Tembus 50 Menit! Robot Humanoid China Pecahkan Rekor Lari Dunia - Republika
Tembus 50 Menit! Robot Humanoid China Pecahkan Rekor Lari Dunia
Rekor robot humanoid ini melampaui rekor dunia yang dipecahkan pelari Jacob Kliplimo.
Rep: Gumanti Awaliyah
Dok. Freepik AI Robot humanoid (ilustrasi). Ajang half maraton khusus robot humanoid di Beijing, China, mencatat tonggak baru setelah pemenangnya menyelesaikan lomba dalam waktu 50 menit 26 detik.
REPUBLIKA.CO.ID, JAKARTA -- Ajang half maraton khusus robot humanoid di Beijing, China, mencatat tonggak baru setelah pemenangnya menyelesaikan lomba dalam waktu 50 menit 26 detik.

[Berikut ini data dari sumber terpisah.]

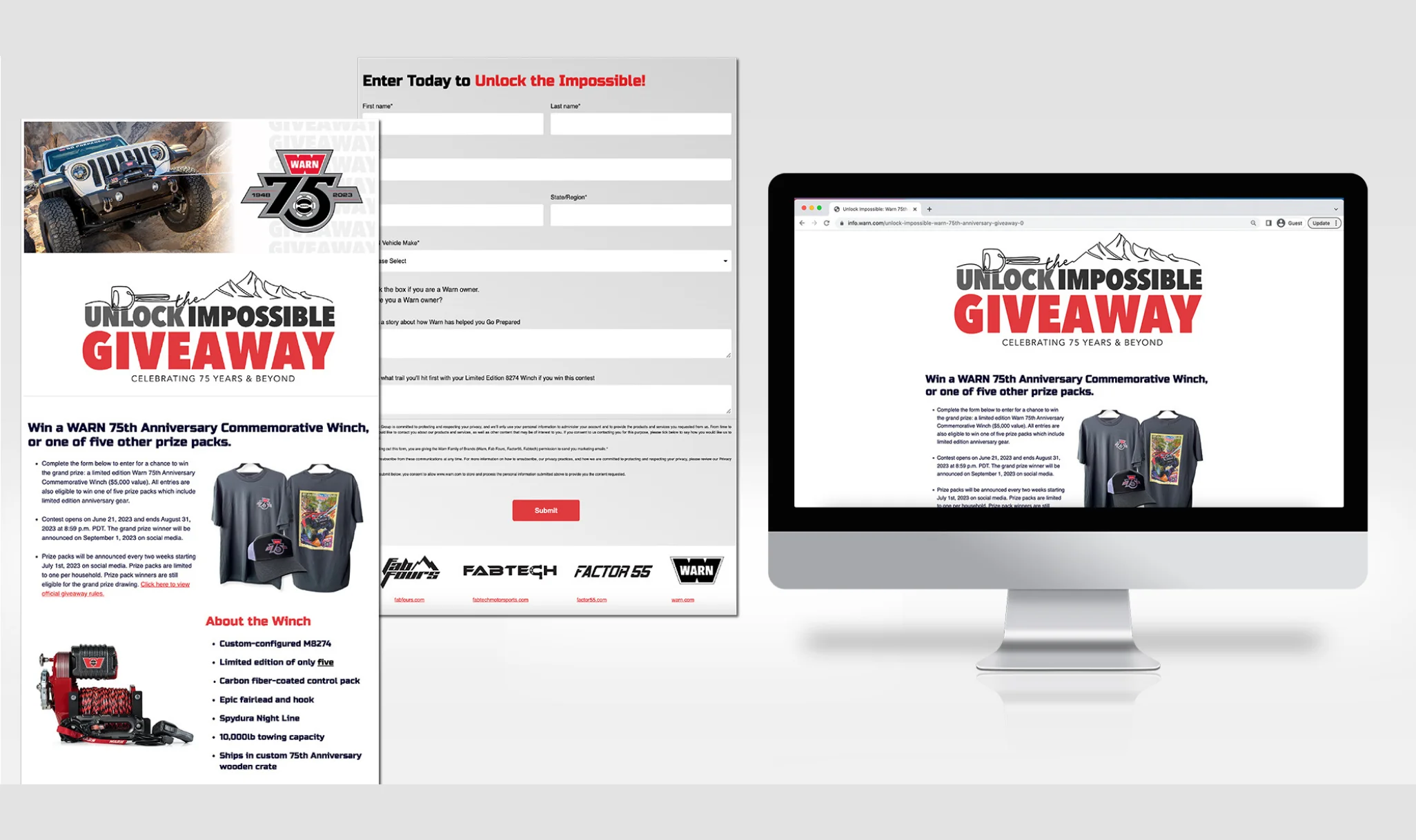 Once the campaign message was set, our design team worked to create a logo identity that told the story of Warn’s history of unlocking the impossible. To mirror a path, our design team created a logo symbol that connected a truck key to a mountain peak with a monoline design, signifying the winding path that Warn has blazed over 75 years. The text and other iconography were designed in line with the overall corporate brand identity. With messaging and graphics in hand, our digital team created a landing page, giveaway collection form and configured backend automation so Warn could collect giveaway entries and communicate with them effectively and quickly, all while adding them to the database of potential customers.

Ini melampaui rekor dunia manusia yaitu 57 menit, yang dipecahkan oleh pelari Jacob Kiplimo.
Capaian robot tahun ini dianggap signifikan. Mengingat, pada ajang lari tahun lalu, robot tercepat hanya mampu finis dalam waktu dua jam 40 menit.
Sponsored
Robot pemenang half maraton tahun ini dikembangkan oleh perusahaan smartphone asal China, Honor. Robot Honor lainnya sebetulnya mencatat waktu lebih cepat, yakni 48 menit 19 detik, namun didiskualifikasi dari peringkat pertama karena dikendalikan dari jarak jauh.
Sementara itu, robot dengan catatan 50 menit 26 detik beroperasi sepenuhnya secara otonom dan meraih kemenangan berdasarkan sistem penilaian berbobot, demikian seperti dilansir laman TechCrunch, Rabu (22/4/2026). Pada tahun ini, ajang half maraton khusus robot diikuti oleh 100 tim dari China. Sekitar 40 persen robot di antaranya berlomba secara otonom, sedangkan 60 persen lainnya masih mengandalkan kendali jarak jauh, menurut pusat teknologi E-Town Beijing. Tidak semua robot tampil mulus, beberapa mengalami kendala teknis, termasuk ada yang jatuh di garis start dan ada pula yang menabrak pembatas lintasan.
Halaman 2 / 2
Ajang ini memperlihatkan potensi robot untuk digunakan dalam berbagai bidang, mulai dari pekerjaan berisiko tinggi hingga aplikasi militer. Namun demikian, perusahaan robotika di China masih menghadapi tantangan besar dalam mengembangkan perangkat lunak kecerdasan buatan yang mampu menyamai efisiensi pekerja manusia, khususnya di lingkungan pabrik.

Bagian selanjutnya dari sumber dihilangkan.